#### [What you are asked to do]
Where does the string "gute" appear in the listing below? Copy every line where it does.

#### [Entries provided]
· · ·
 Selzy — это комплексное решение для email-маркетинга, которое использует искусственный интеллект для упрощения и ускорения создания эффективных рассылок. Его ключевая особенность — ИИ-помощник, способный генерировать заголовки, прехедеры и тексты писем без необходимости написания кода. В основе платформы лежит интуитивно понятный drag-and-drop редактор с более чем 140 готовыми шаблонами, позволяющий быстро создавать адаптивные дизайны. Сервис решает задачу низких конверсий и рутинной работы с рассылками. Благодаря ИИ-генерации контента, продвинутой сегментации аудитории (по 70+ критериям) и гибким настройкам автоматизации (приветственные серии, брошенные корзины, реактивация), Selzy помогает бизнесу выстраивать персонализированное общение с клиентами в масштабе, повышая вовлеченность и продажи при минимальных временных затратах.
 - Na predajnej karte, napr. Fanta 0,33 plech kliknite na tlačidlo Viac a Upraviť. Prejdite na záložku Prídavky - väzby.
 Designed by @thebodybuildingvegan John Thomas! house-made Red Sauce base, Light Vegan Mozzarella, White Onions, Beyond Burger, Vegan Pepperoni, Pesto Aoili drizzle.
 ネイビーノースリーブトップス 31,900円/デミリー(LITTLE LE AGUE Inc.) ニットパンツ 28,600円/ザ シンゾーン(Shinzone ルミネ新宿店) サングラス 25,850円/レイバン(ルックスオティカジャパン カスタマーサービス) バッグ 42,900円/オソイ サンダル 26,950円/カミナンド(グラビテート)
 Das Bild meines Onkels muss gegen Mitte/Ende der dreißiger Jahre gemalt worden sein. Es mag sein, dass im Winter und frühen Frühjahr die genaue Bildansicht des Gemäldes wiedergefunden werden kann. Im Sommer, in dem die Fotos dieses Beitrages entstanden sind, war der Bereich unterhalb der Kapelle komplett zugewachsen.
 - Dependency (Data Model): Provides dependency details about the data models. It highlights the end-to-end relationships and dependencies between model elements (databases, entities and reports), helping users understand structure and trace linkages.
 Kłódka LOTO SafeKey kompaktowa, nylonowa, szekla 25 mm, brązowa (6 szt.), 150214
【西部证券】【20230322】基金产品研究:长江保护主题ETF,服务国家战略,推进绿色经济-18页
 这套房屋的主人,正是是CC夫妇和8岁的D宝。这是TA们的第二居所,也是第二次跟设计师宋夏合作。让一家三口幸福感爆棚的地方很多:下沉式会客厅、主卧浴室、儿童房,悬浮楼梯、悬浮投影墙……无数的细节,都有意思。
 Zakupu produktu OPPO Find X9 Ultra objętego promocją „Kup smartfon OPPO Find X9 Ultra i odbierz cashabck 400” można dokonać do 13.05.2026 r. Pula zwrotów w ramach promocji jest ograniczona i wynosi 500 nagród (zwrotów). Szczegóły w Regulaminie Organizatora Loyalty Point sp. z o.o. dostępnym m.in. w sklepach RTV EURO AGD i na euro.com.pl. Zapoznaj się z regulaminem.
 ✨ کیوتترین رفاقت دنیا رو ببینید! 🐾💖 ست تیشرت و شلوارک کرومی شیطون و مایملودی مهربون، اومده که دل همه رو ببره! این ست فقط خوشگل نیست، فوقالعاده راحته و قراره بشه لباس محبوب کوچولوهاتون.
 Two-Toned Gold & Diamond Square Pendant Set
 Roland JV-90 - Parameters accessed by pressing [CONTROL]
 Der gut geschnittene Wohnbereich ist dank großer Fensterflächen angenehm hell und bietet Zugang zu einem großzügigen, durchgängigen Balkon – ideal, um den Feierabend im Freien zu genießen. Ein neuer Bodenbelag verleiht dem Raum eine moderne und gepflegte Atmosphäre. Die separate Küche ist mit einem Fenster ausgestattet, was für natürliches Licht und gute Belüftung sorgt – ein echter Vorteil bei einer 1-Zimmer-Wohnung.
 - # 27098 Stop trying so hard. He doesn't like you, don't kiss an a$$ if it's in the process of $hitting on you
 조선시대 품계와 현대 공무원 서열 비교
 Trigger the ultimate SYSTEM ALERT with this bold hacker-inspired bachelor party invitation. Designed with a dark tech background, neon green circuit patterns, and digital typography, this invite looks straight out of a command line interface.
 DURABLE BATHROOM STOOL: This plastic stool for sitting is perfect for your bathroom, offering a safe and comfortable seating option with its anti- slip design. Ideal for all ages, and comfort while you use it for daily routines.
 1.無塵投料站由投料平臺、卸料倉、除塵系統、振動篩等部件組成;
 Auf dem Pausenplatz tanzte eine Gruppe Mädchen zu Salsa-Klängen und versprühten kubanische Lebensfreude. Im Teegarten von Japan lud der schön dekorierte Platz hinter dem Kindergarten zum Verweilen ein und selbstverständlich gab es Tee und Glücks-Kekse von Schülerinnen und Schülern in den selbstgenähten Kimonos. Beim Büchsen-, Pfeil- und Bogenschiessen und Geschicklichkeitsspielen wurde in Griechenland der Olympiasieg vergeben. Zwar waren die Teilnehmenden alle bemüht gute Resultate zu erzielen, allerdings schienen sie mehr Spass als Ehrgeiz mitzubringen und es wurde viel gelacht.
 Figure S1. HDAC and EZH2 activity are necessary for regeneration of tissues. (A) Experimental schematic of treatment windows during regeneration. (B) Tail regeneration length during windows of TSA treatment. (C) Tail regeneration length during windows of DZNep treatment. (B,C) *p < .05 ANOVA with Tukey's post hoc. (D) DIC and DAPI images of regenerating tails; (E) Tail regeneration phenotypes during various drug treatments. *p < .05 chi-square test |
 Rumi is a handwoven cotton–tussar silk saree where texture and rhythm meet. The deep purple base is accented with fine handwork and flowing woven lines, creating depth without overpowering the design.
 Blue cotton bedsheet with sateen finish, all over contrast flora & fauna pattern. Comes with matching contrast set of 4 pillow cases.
· · ·
#### [Problem solution]
 Der gut geschnittene Wohnbereich ist dank großer Fensterflächen angenehm hell und bietet Zugang zu einem großzügigen, durchgängigen Balkon – ideal, um den Feierabend im Freien zu genießen. Ein neuer Bodenbelag verleiht dem Raum eine moderne und gepflegte Atmosphäre. Die separate Küche ist mit einem Fenster ausgestattet, was für natürliches Licht und gute Belüftung sorgt – ein echter Vorteil bei einer 1-Zimmer-Wohnung.
 Auf dem Pausenplatz tanzte eine Gruppe Mädchen zu Salsa-Klängen und versprühten kubanische Lebensfreude. Im Teegarten von Japan lud der schön dekorierte Platz hinter dem Kindergarten zum Verweilen ein und selbstverständlich gab es Tee und Glücks-Kekse von Schülerinnen und Schülern in den selbstgenähten Kimonos. Beim Büchsen-, Pfeil- und Bogenschiessen und Geschicklichkeitsspielen wurde in Griechenland der Olympiasieg vergeben. Zwar waren die Teilnehmenden alle bemüht gute Resultate zu erzielen, allerdings schienen sie mehr Spass als Ehrgeiz mitzubringen und es wurde viel gelacht.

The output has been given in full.